Exercise instructions: For the entries that follow, restate word for word the line containing "1. Mezcle fácilmente", the line containing "14日も様々なイベントが長浜", and every line that lies between them.

Exercise materials:
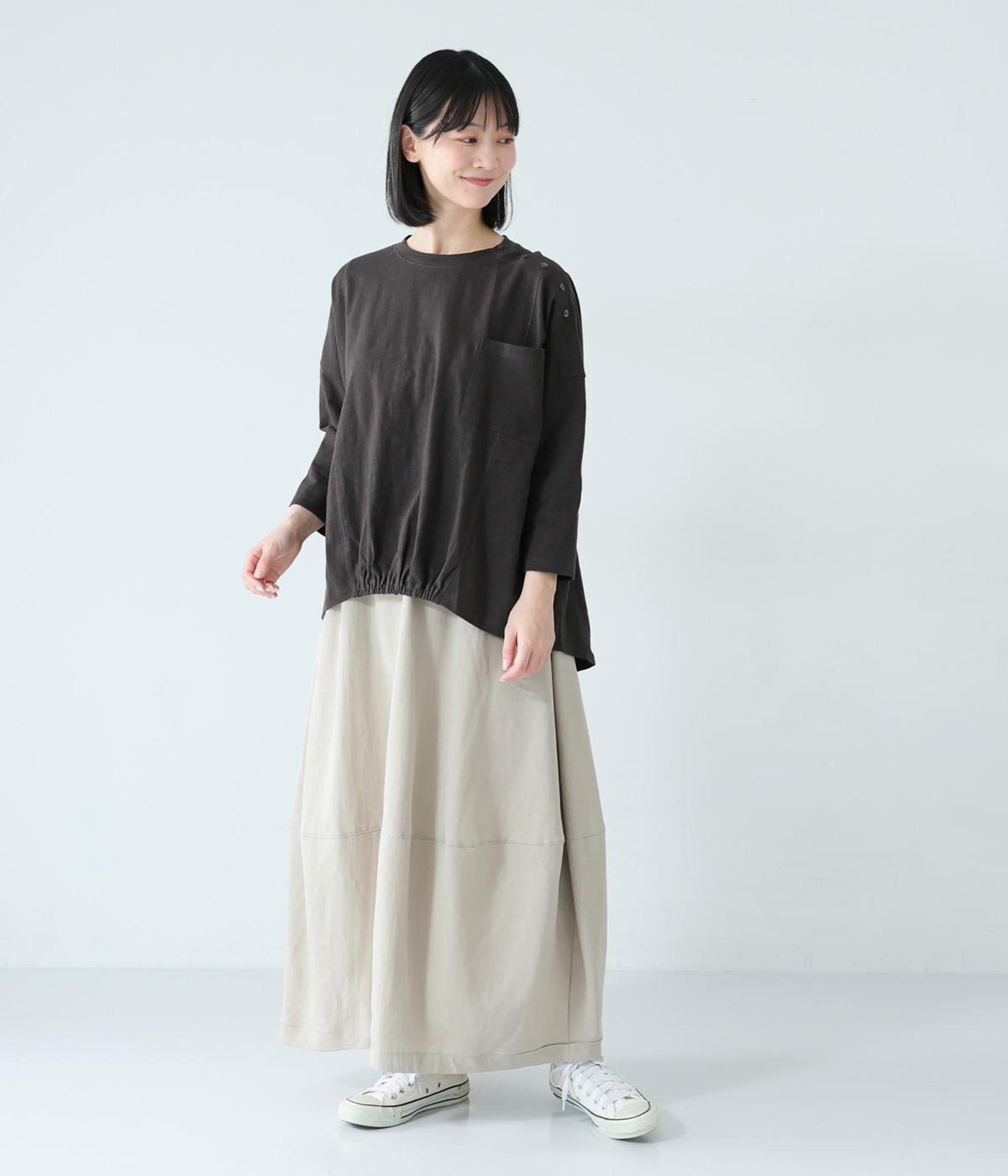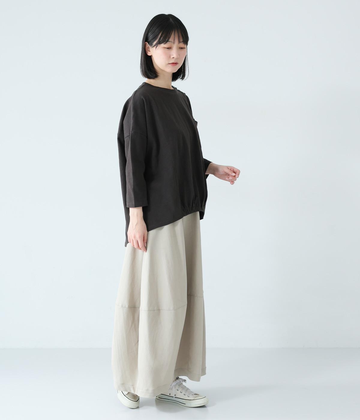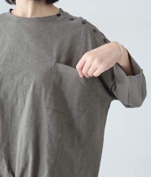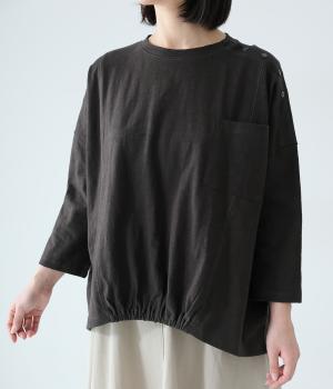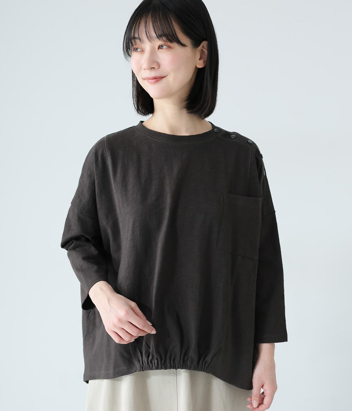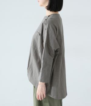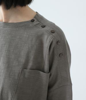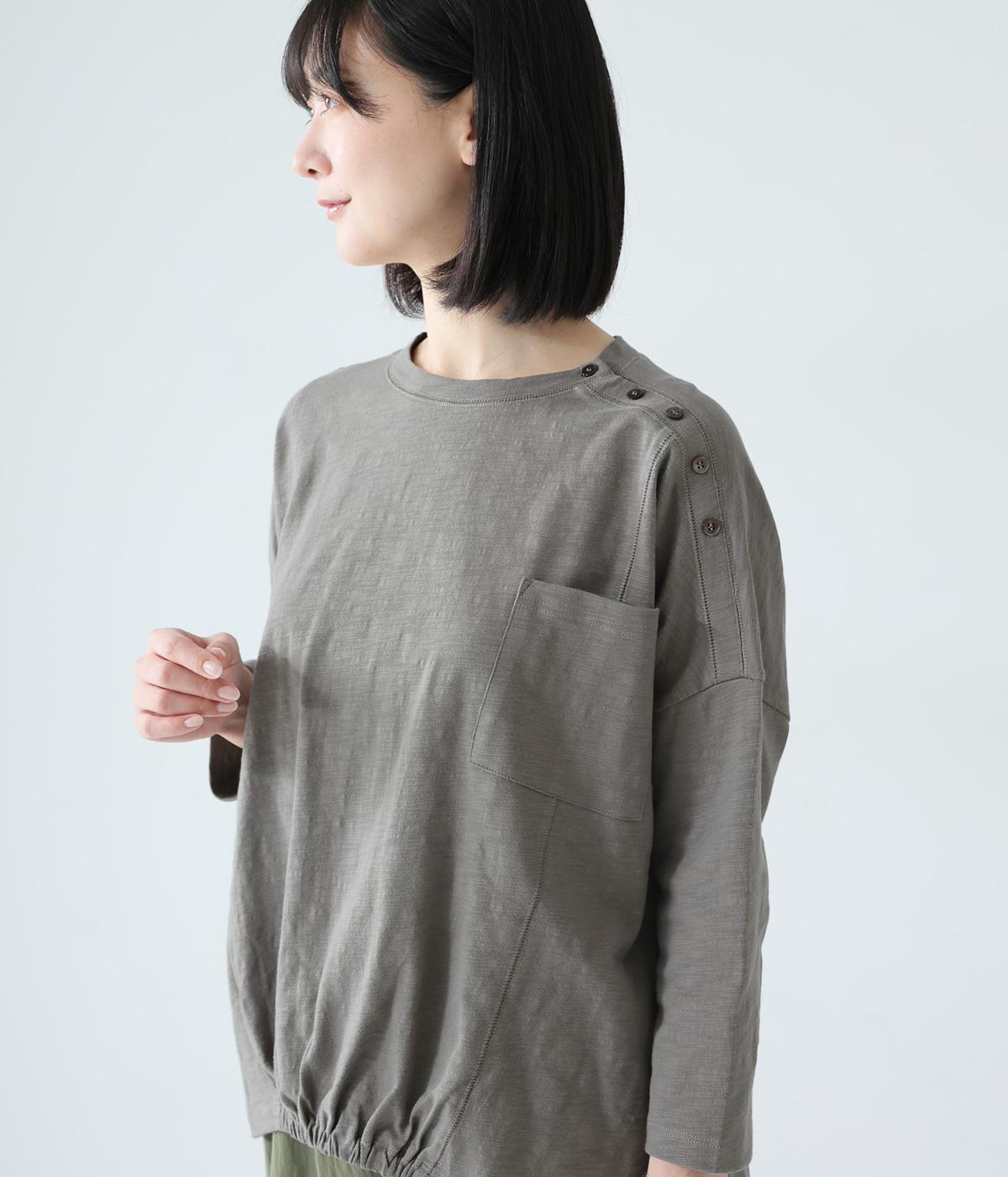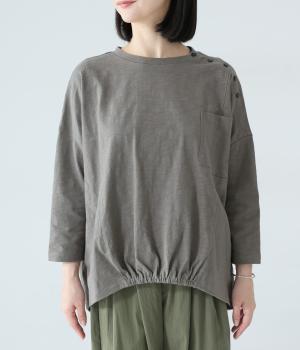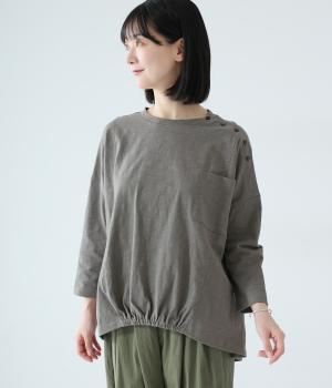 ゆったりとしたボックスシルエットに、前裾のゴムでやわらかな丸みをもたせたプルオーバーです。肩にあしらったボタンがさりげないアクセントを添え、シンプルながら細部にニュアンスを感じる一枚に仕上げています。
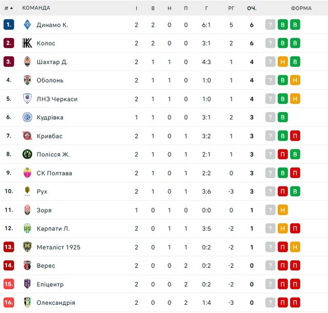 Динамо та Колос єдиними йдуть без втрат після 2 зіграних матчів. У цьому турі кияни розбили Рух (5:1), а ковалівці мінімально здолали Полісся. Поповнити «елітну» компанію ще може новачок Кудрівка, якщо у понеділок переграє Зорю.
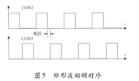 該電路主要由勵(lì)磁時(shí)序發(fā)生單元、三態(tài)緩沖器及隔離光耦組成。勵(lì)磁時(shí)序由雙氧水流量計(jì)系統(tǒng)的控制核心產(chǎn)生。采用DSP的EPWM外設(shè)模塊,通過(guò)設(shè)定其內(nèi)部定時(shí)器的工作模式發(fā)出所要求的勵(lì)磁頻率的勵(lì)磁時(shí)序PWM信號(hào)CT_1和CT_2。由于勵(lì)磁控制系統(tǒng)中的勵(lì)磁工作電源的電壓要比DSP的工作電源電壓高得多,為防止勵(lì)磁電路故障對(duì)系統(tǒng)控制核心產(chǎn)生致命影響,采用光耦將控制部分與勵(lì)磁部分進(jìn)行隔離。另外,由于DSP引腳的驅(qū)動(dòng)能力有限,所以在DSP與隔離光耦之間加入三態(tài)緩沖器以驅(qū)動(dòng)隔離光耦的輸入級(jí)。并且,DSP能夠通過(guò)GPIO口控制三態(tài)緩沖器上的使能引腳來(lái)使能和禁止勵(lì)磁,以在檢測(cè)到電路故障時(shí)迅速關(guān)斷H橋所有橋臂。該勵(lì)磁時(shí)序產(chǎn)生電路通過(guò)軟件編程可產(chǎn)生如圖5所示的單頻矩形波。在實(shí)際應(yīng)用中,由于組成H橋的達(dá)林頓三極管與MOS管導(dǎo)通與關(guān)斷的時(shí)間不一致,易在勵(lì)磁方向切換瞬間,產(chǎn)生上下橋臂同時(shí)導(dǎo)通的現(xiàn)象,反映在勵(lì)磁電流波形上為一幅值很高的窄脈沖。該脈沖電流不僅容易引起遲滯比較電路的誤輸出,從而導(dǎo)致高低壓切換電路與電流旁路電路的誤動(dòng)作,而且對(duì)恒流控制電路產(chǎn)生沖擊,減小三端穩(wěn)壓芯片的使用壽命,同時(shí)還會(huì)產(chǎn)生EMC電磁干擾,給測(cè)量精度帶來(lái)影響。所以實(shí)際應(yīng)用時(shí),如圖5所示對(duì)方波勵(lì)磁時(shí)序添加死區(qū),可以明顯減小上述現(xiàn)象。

---

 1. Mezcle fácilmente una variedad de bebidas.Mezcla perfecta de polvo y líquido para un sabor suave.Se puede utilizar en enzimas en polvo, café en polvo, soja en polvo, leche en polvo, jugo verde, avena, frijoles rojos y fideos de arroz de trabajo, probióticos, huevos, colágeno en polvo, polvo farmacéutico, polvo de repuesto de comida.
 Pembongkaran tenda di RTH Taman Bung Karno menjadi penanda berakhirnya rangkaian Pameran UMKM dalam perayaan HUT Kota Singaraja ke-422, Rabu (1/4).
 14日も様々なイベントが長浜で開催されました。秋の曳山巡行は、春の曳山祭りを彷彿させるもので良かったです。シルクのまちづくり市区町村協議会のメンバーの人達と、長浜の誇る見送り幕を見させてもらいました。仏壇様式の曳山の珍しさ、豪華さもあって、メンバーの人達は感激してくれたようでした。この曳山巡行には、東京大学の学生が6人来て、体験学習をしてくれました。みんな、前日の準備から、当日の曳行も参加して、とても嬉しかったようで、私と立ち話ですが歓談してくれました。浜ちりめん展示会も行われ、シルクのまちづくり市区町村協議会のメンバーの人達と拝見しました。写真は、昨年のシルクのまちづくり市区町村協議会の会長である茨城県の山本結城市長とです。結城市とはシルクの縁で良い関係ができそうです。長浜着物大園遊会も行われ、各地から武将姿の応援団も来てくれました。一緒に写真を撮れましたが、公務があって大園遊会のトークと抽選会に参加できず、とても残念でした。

Answer to the problem:
 1. Mezcle fácilmente una variedad de bebidas.Mezcla perfecta de polvo y líquido para un sabor suave.Se puede utilizar en enzimas en polvo, café en polvo, soja en polvo, leche en polvo, jugo verde, avena, frijoles rojos y fideos de arroz de trabajo, probióticos, huevos, colágeno en polvo, polvo farmacéutico, polvo de repuesto de comida.
 Pembongkaran tenda di RTH Taman Bung Karno menjadi penanda berakhirnya rangkaian Pameran UMKM dalam perayaan HUT Kota Singaraja ke-422, Rabu (1/4).
 14日も様々なイベントが長浜で開催されました。秋の曳山巡行は、春の曳山祭りを彷彿させるもので良かったです。シルクのまちづくり市区町村協議会のメンバーの人達と、長浜の誇る見送り幕を見させてもらいました。仏壇様式の曳山の珍しさ、豪華さもあって、メンバーの人達は感激してくれたようでした。この曳山巡行には、東京大学の学生が6人来て、体験学習をしてくれました。みんな、前日の準備から、当日の曳行も参加して、とても嬉しかったようで、私と立ち話ですが歓談してくれました。浜ちりめん展示会も行われ、シルクのまちづくり市区町村協議会のメンバーの人達と拝見しました。写真は、昨年のシルクのまちづくり市区町村協議会の会長である茨城県の山本結城市長とです。結城市とはシルクの縁で良い関係ができそうです。長浜着物大園遊会も行われ、各地から武将姿の応援団も来てくれました。一緒に写真を撮れましたが、公務があって大園遊会のトークと抽選会に参加できず、とても残念でした。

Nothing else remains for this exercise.